§ Aim of the task
Your task is to copy the stretch of lines in the records below that begins with the line containing "此前有網友爆料稱,興業銀行私" and ends with the line containing "Φιγούρα διακοσμητική Ankor", exactly as written, with nothing added.

§ Supplied data
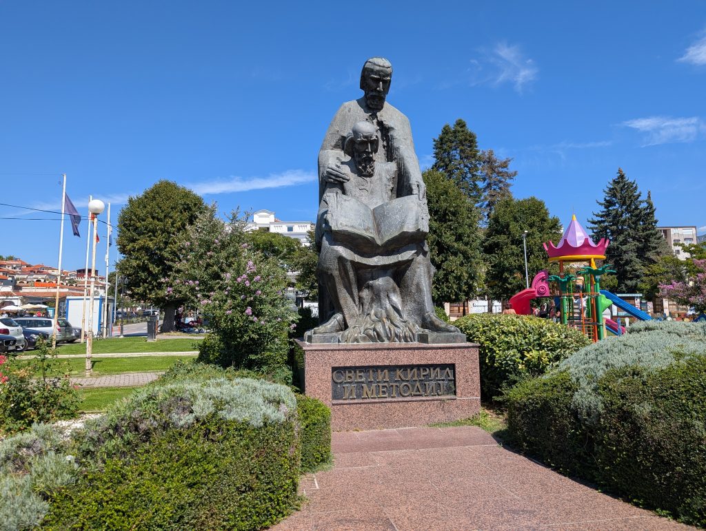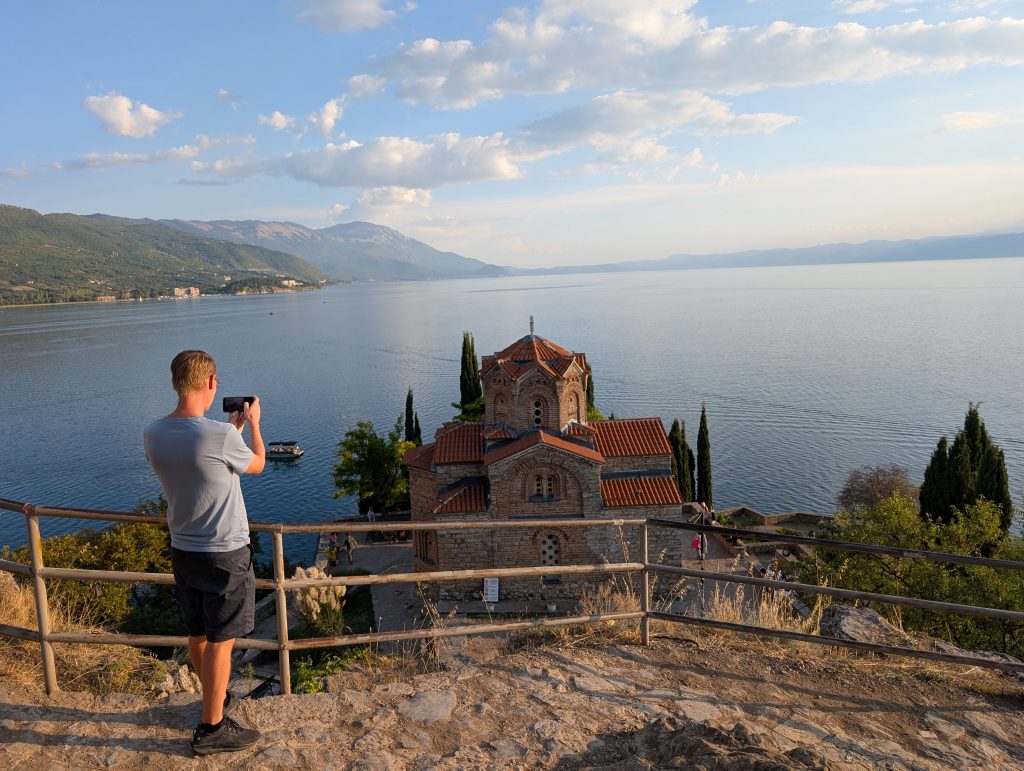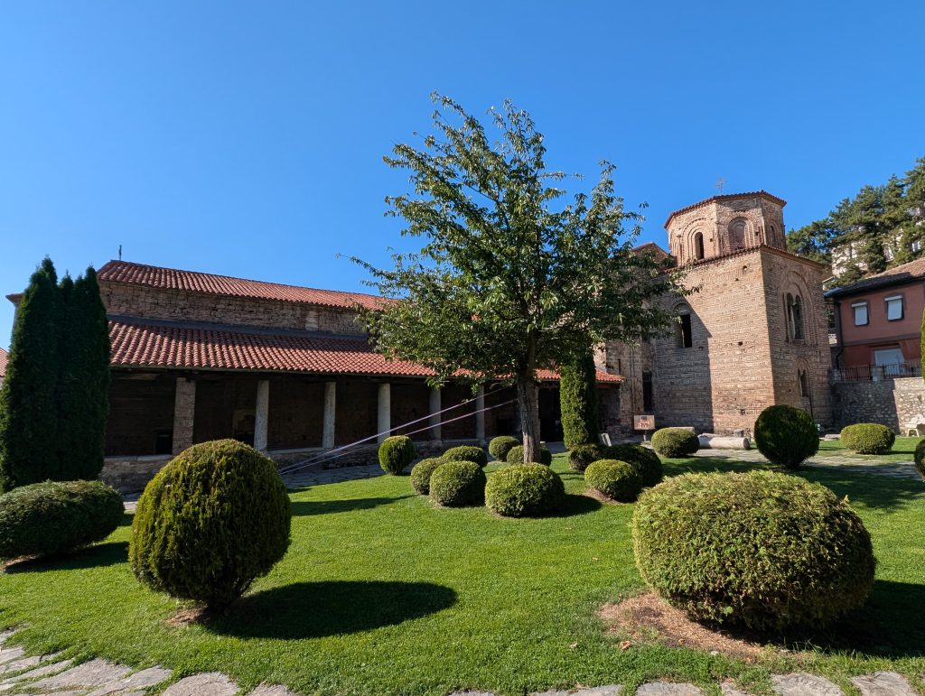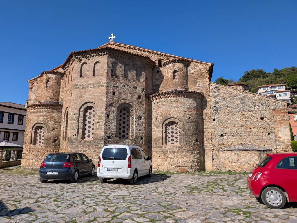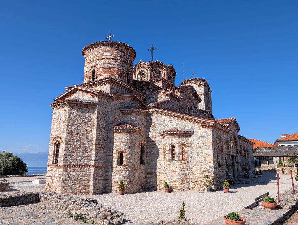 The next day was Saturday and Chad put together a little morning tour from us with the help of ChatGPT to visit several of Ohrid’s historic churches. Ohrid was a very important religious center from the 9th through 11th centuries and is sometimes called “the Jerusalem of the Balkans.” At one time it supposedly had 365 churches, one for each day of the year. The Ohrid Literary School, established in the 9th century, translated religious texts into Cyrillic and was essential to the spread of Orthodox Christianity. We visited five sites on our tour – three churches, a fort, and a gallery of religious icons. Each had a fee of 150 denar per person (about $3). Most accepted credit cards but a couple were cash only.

...

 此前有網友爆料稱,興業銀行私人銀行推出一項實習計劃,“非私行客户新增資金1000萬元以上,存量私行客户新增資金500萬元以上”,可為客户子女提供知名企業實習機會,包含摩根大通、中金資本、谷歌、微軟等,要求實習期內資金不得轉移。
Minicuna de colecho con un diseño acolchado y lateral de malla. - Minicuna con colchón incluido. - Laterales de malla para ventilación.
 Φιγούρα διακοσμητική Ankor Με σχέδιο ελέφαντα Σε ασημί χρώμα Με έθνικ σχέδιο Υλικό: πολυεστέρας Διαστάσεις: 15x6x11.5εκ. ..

---

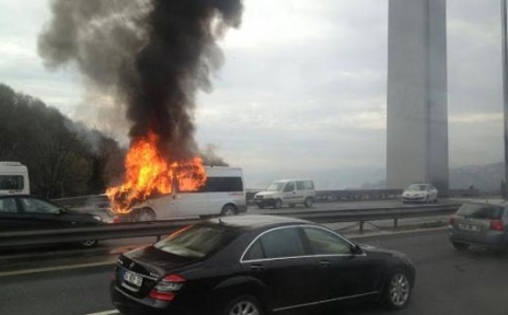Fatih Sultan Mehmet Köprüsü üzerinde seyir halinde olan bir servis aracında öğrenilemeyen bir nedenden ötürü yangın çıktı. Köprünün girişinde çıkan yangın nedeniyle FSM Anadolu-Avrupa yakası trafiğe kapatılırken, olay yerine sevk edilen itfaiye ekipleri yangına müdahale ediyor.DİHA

§ Solution to this problem
 此前有網友爆料稱,興業銀行私人銀行推出一項實習計劃,“非私行客户新增資金1000萬元以上,存量私行客户新增資金500萬元以上”,可為客户子女提供知名企業實習機會,包含摩根大通、中金資本、谷歌、微軟等,要求實習期內資金不得轉移。
Minicuna de colecho con un diseño acolchado y lateral de malla. - Minicuna con colchón incluido. - Laterales de malla para ventilación.
 Φιγούρα διακοσμητική Ankor Με σχέδιο ελέφαντα Σε ασημί χρώμα Με έθνικ σχέδιο Υλικό: πολυεστέρας Διαστάσεις: 15x6x11.5εκ. ..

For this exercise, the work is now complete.